In practice, though, being okay with mediocrity, or even a complete deficiency of skill, isn't an easy thing to accept. Psychiatrist Gail Saltz, MD, who focuses on emotional well-being, says we can thank nature and nurture for this reality. "Culture is consumed with being an expert. Things we excel at, and therefore give us pleasure, cause the brain to release the neurotransmitter dopamine, which then gives us more pleasure," she says.

In addition to gifting us dopamine as a reward, the brain can also anticipate good vibes, according to 2013 research published in the journal Neuron. "It was believed that dopamine regulated pleasure and reward and that we release it when we obtain something that satisfies us. But in fact, the latest scientific evidence shows that this neurotransmitter acts before that—it actually encourages us to act," research author Mercé Correa, PhD, says in the report. "In other words, dopamine is released in order to achieve something good or to avoid something evil." That's why it takes more exerted effort see out tasks that don't cater to your skill set—the brain can interpret being bad at something as being, in a sense, evil.

"When you refuse to do anything you're not great at, what you're telling yourself is that you're only okay if you're perfect. That's going to lead to a lot of pain in life." —Aimee Daramus, PsyD

But none of that makes learning to be okay with not being a superstar at everything all the time any less worthy of being a goal. "When you refuse to do anything you're not great at, what you're telling yourself is that you're only okay if you're perfect," Dr. Daramus says. "That's going to lead to a lot of pain in life. If you can't cook a simple meal or take a photo without being upset if it's not flawless, you're going to hurt a lot of the time, so enjoying yourself, even if you're not excelling, is an act of profound self-respect."

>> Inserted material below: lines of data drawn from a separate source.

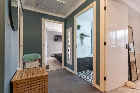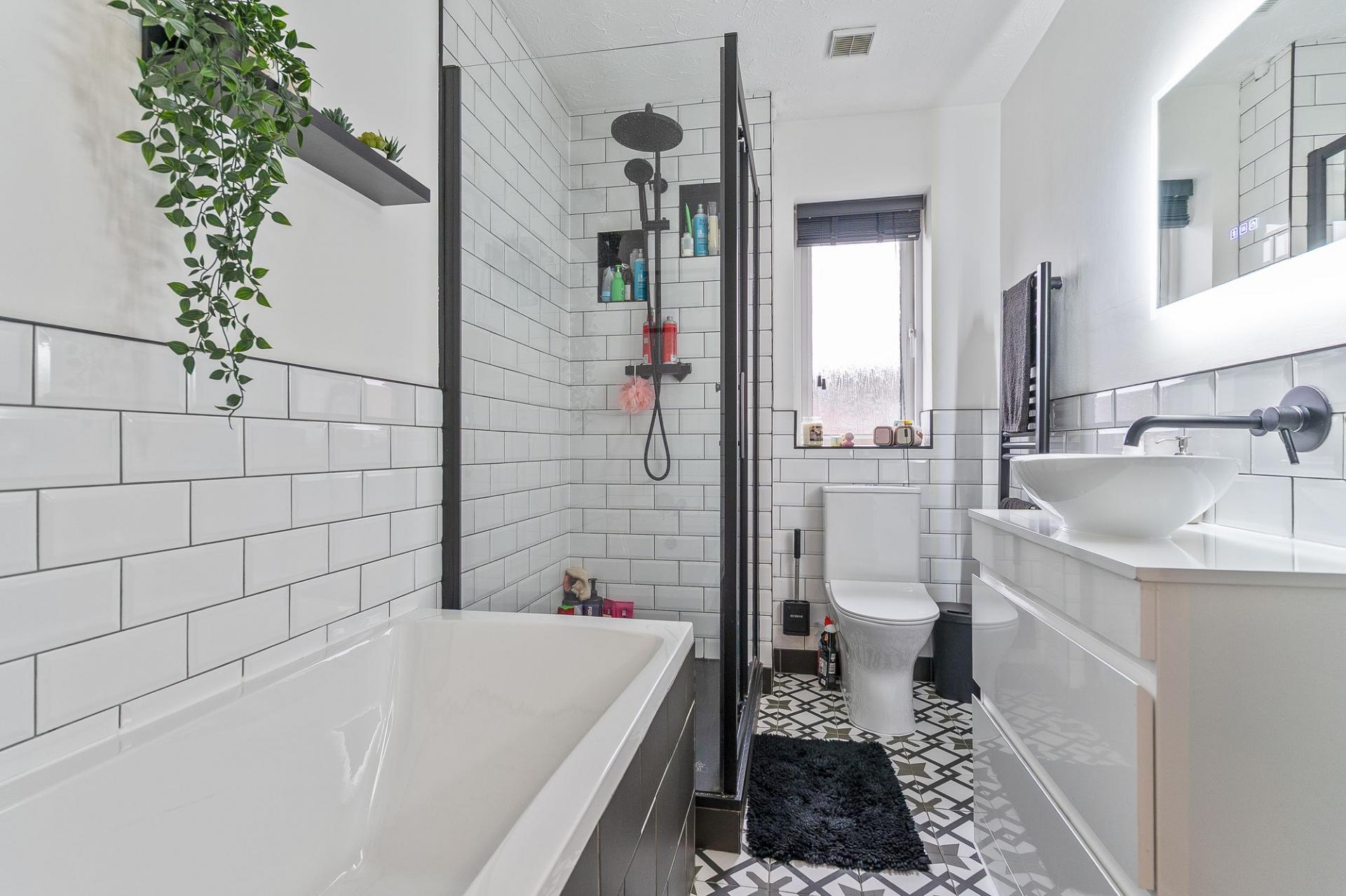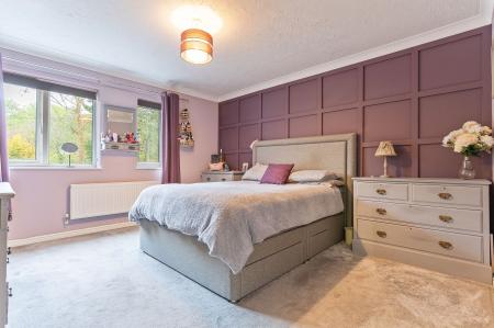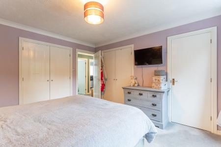 On the first floor, the property offers four double bedrooms, each beautifully presented and featuring built-in wardrobes. The primary bedroom benefits from its own en-suite shower room, adding a touch of luxury and privacy. The remaining bedrooms are all generously sized and share access to the modern family bathroom, which is fitted with contemporary fixtures and finished to a high standard.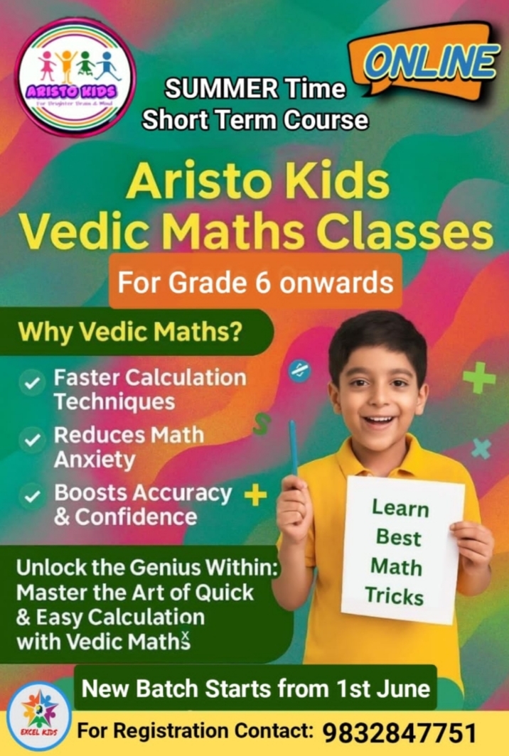 गर्मियों की छुट्टियों को बच्चों के लिए उपयोगी और मजेदार बनाने के उद्देश्य से एक्सेल किड्स, आसनसोल द्वारा “वेदिक गणित ऑनलाइन समर कोर्स” की नई बैच की शुरुआत 2 जून से की जा रही है। यह शॉर्ट टर्म कोर्स कक्षा 6 एवं उससे ऊपर के विद्यार्थियों के लिए विशेष रूप से तैयार किया गया है।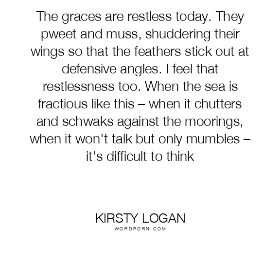 The graces are restless today. They pweet and muss, shuddering their wings so that the feathers stick out at defensive angles. I feel that restlessness too. When the sea is fractious like this – when it chutters and schwaks against the moorings, when it won't talk but only mumbles – it's difficult to think
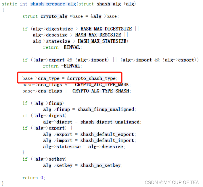 - 函数shash_prepare_alg中最重要的一点是设置了通用算法说明中的成员变量cra_type,(这一步具体是在 shash_prepare_alg函数中设定的)设置为crypto_shash_type,这样外部应用就可以访问到已注册的哈希算法了。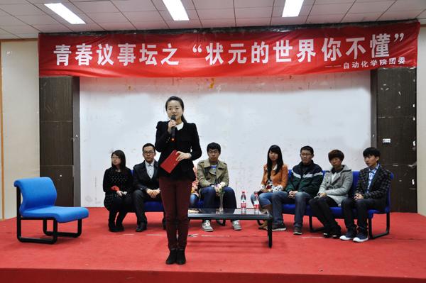 12月4日晚,青春议事坛之“状元的世界你不懂”活动于将军路校区艺术中心多功能厅举行,八名学生代表围绕“高考文科状元刘丁宁退学复读”事件展开了热烈的讨论。人文与社会科学学院教师娄和标、 91porn 团委书记季娟以及各年级辅导员作为评委出席了本次活动。 2013年,辽宁省本溪市文科状元刘丁宁以668(+10)分被香港大学中文系录取,并获72万元人民币奖励。10月初,刘丁宁离开港大,目前已经回本溪高中复读。对此,刘丁宁说,她追求更纯粹的国学,梦想进入北京大学中文系,北大也更适合自己。 八名学生代表首先表明了各自的立场,支持刘丁宁的学生认为这位女生的可贵之处,在于她遵从了自己的内心,敢于放下一些功利的考量,去追求契合自己心灵的国学梦、北大梦;反对的同学则认为刘丁宁刚到港大,没有充分了解港大及专业情况,就仓促退学,是一种不成熟的举动。接着同学们从北京大学与香港大学教学理念的不同为切入点,深入探讨了有关中西方教育和人才选取倾向上的差异、大学生的适应能力等问题,并且从“状元的世界你不懂”这一议题联系到了大学生的实际生活。八名学生代表在思辨的讨论中碰撞出了思维的火花,呈现了不同思想对同一事件的不同解读,展现了当代大学生有思想、有创造力的青春风采。在学生代表的交流讨论中,现场观众们也就“如果你是刘丁宁会做何种选择”及“你是如何适应大学生活”的两个话题展开了激烈的讨论,现场气氛活泼热烈而又井然有序。 最后,西方哲学博士娄和标对本次青春思辨活动进行了总结。他说道,我们每个人都有各自独特的价值取向和自由选择权。只要这样的价值取向和自由选择权没有违法乱纪,也没有违背社会伦理道德,那么我们每个人就都应该尽可能地理解其价值取向和自由选择权。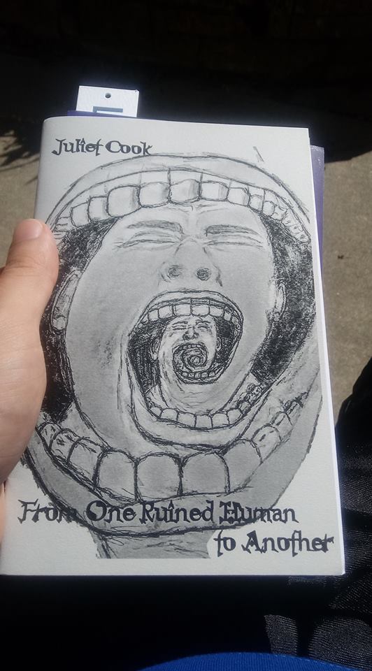 Inside front cover of "From One Ruined Human to Another", a new poetry chapbook by Juliet Cook, with cover art created by Craig Firsdon ( published by CWP Collective Press)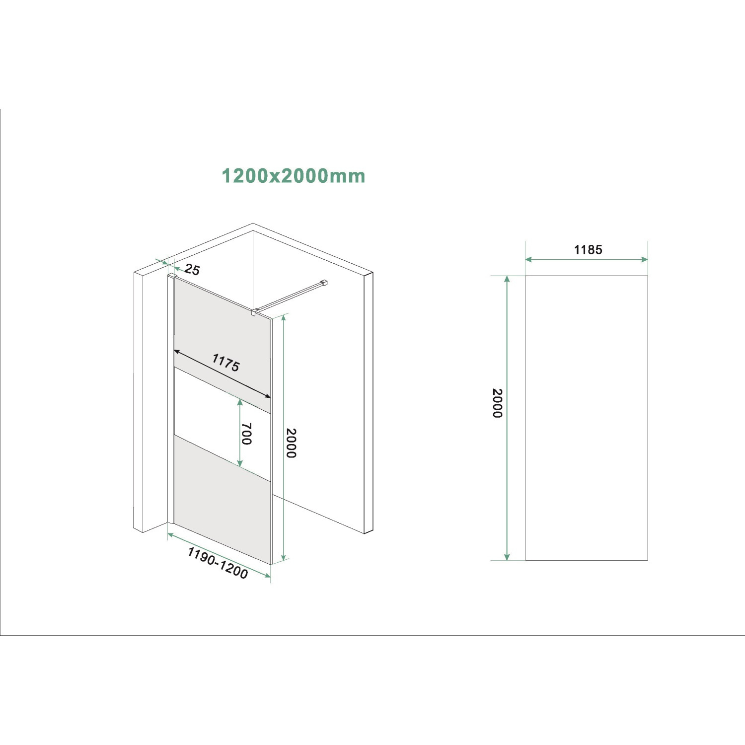 De douchecabine is voorzien 8mm dik veiligheidsglas. De douchewand heeft geen vloerbevestiging, waardoor u de wand direct na het plaatsen transparant kunt afkitten.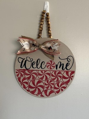 Features a festive design with red peppermint swirls and a warm "Welcome" message.

Another reason to stick with something when you feel like quitting is that lacking skills can bring about a bonding experience. "Flawless people are hard to relate to," Dr. Daramus says. "If you want to have healthy relationships, you have to be willing to let someone see you from a less flattering angle once in a while so that they can trust you enough to be vulnerable and imperfect in return."

A simple way to learn to be okay with being bad at things when you feel like quitting is to adopt a pick-your-battles mentality. Start with something that's relatively crucial to your life. For instance, I'm an awful cook, which is a facet of my being that both embarrasses me and makes me feel not great. But nourishing myself healthfully and not decimating my savings on delivery charges makes cooking—even if that means cooking questionably edible meals—necessary. So, that's where I plan to start. For you, it might be running, romantic relationships, or anything else. It can be anything, but it certainly doesn't have to be all things. "You might have one or two huge passions in life that you can't stand to be less than stellar at, but you'll never be awesome at everything," Dr. Daramus says.

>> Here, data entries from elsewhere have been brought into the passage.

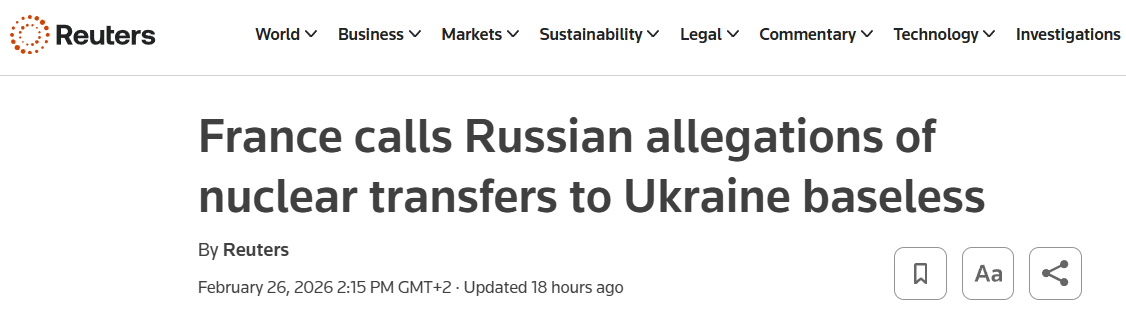 Франція відкинула звинувачення Служби зовнішньої розвідки РФ у намірі передати Україні ядерну зброю або "брудну бомбу".
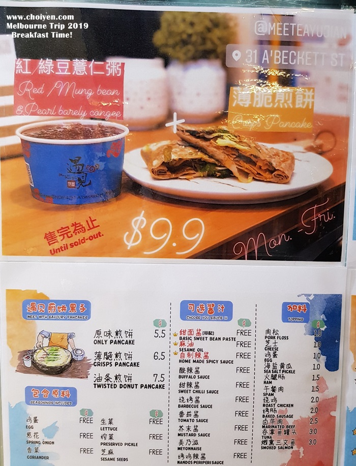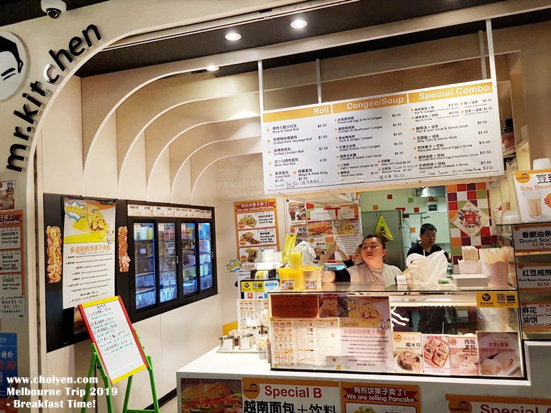 Mr. Kitchen – Also accessible via food court at Melbourne Central (take away only), the main dining area of Mr. Kitchen is located at Swanston Street. If you have “oriental taste bud” or bored of the western food at Melbourne, Mr. Kitchen definitely suit you well! The menu comprised a mixture of Chinese and Vietnamese food included banh mi (pork & salad  roll, grilled chicken roll), congee, soups, pies, pancakes, hotpots, bbq skewers, meat buns, herbal drinks, soy milk, juices, and many more.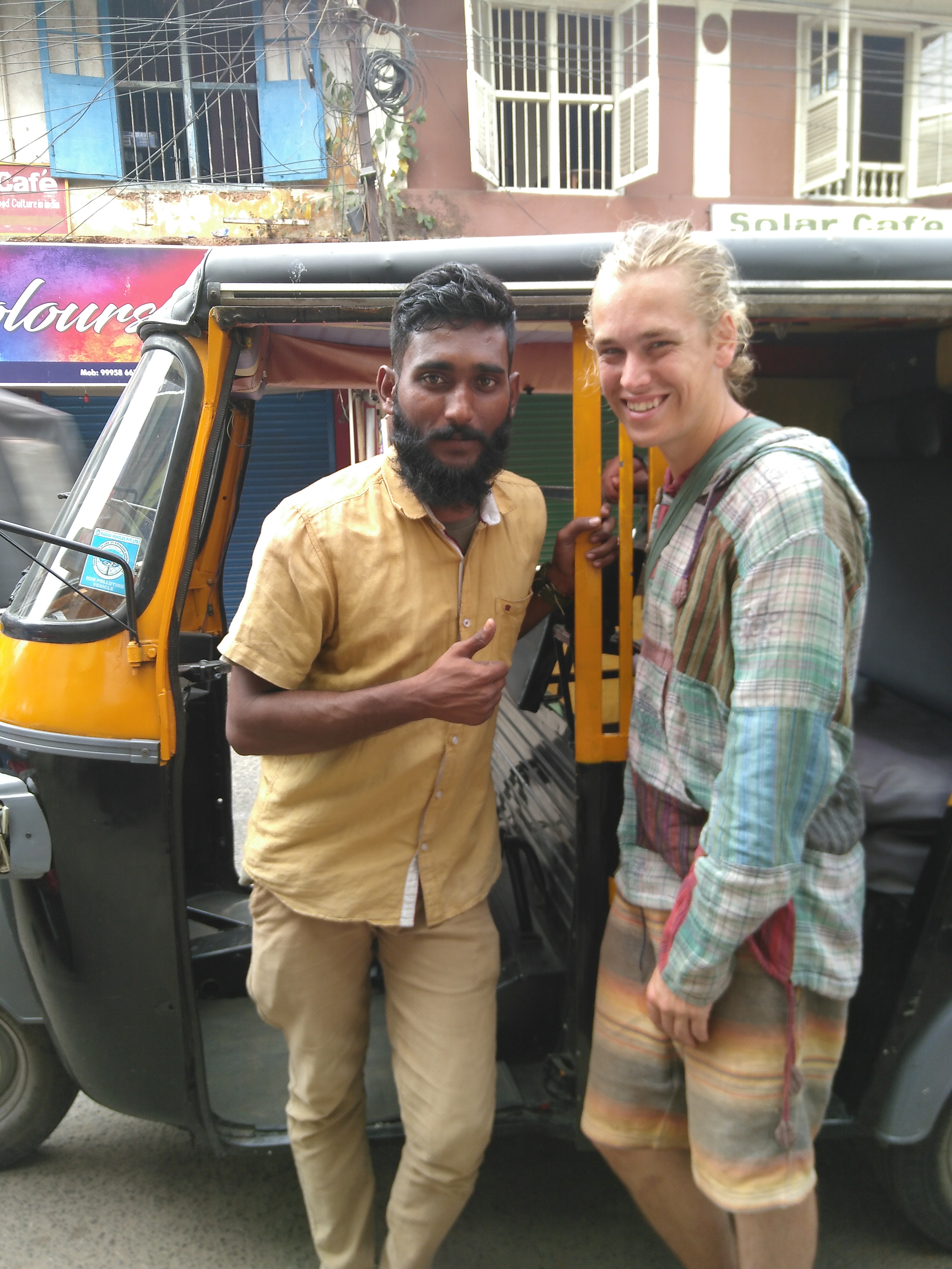 The ferry takes about 20 min and we start walking towards our hostel. We stay in a place called Seashore residency on a cute portugese street with expensive cafés lining the way. When we enter the place the guy at the counter, Zulfiq (who later becomes our friend) shows us a room with a basement vibe. The first thing I see after the double bed is a huge spider running into the corner next to the bathroom door. It is a slender spider, but it coves the whole corner! I yell “Don’t kill it, don’t kill it!” to Zulfiq who is going after the spider, so it escapes and runs under the bed. Zulfiq raises his hands and his sholders in a “there is nothing I can do” way and we stand there in silence for a few seconds until we go and check in. After check in August says he is not going back into that room. Zulfiq shows us another room one story up which is way nicer. It has windows but lacks a bathroom, but the shared facilities are clean and well lit. So August sends me in to get our bags, because he was serious about not going back into that room. The spider, with legs and all, were as big as my hand, stretched out, so I have some understanding for why he reacted like this 😛
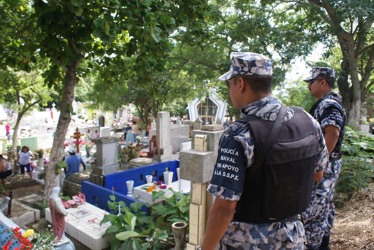 A través de recorridos dentro y fuera de los panteones los elementos navales y estatales se mantuvieron cerca de la población.

If you can find any tiny morsel of pleasure nestled within whatever activity you're bad at doing, focus on that, and you'll have an easier time continuing with it when you feel like quitting. "Take a form of exercise you're not great at," Dr. Saltz says. "Maybe it feels good because you’re staying in shape and is a stress reliever—it's something worth sticking with," Dr. Saltz says.

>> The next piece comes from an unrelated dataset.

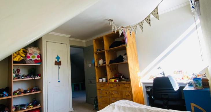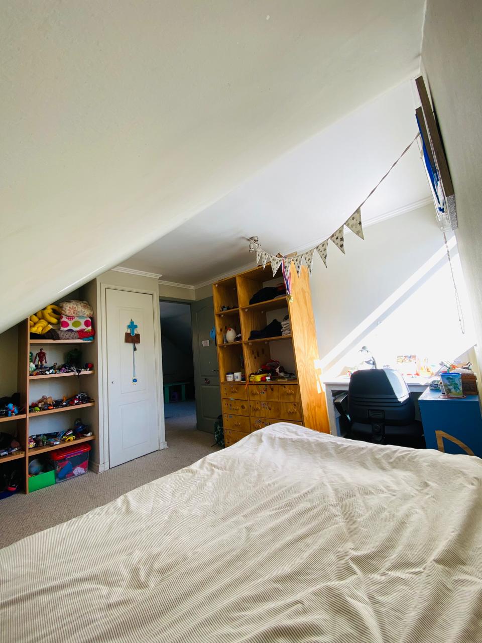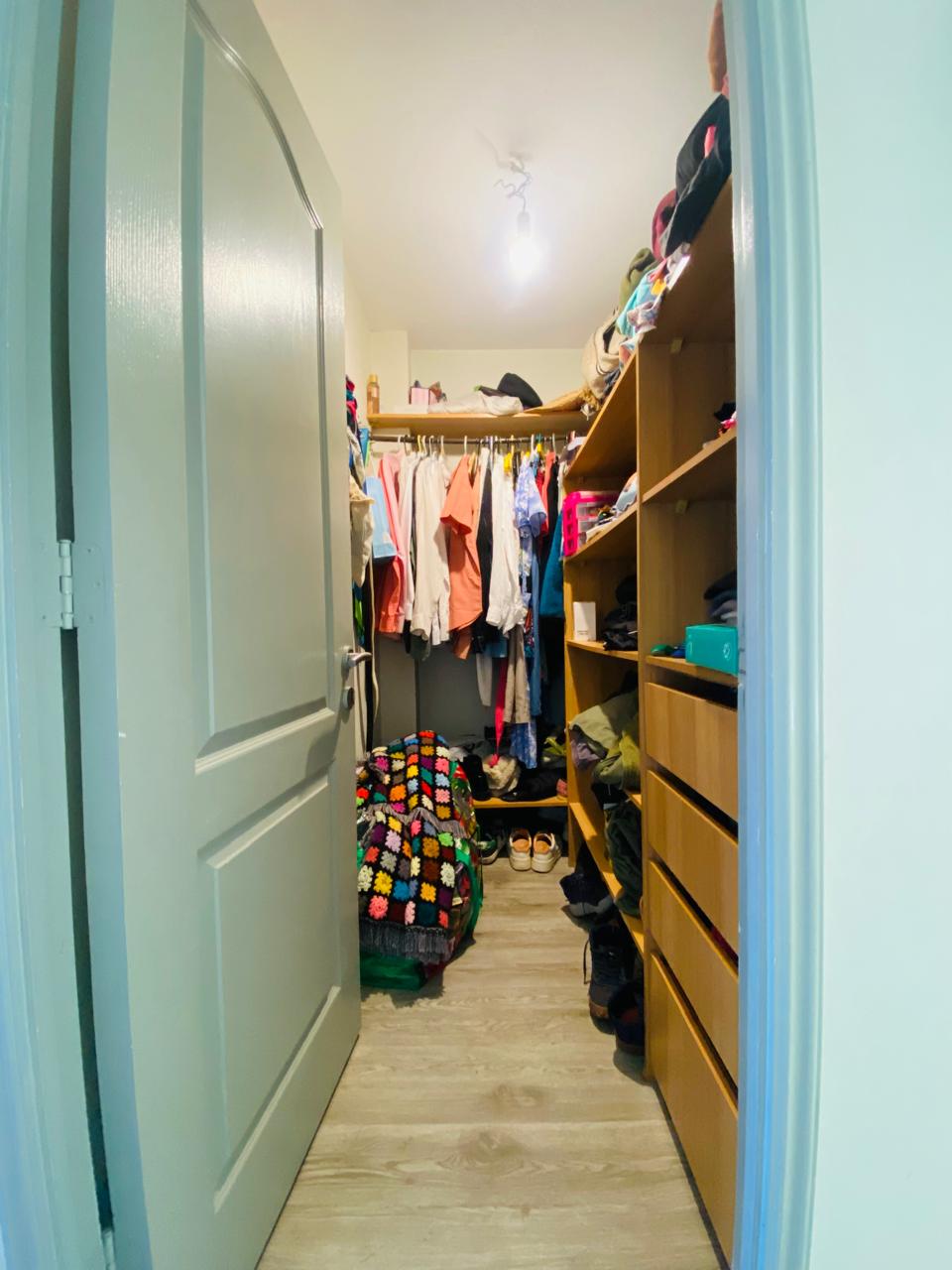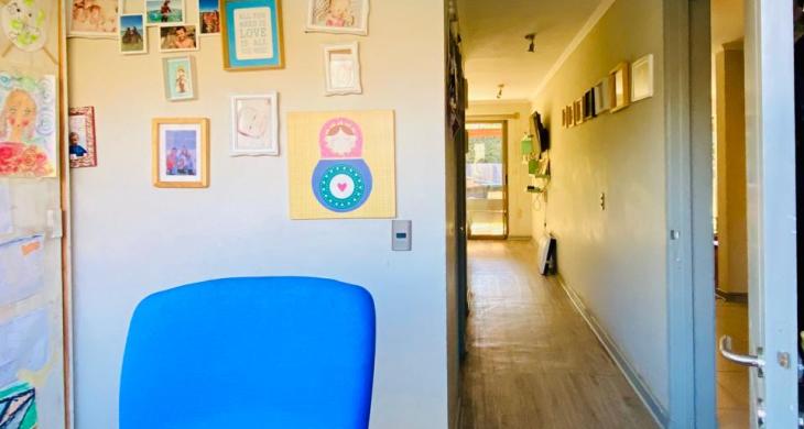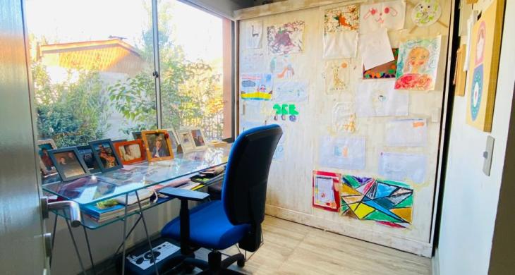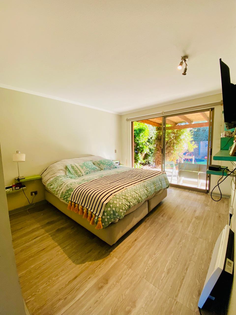 1 dormitorio en suite con Walk in closet, con salida directa al jardín. Con un espacio versátil y acogedor para usar como Escritorio o pieza de bebé.

She's right. For me, it's Pilates, because each time I do it, I feel awkward, am confident that I'm doing each position incorrectly, and thus spend the entire class making the IRL equivalent of the line-face emoji at whomever among my friends dragged me there. But I go because I absolutely feel less stressed afterward. And, as Dr. Saltz reminds me, practice likely won't make you perfect but will almost certainly make you better. So, maybe it's time to resume my violin playing? (Sorry, neighbors!)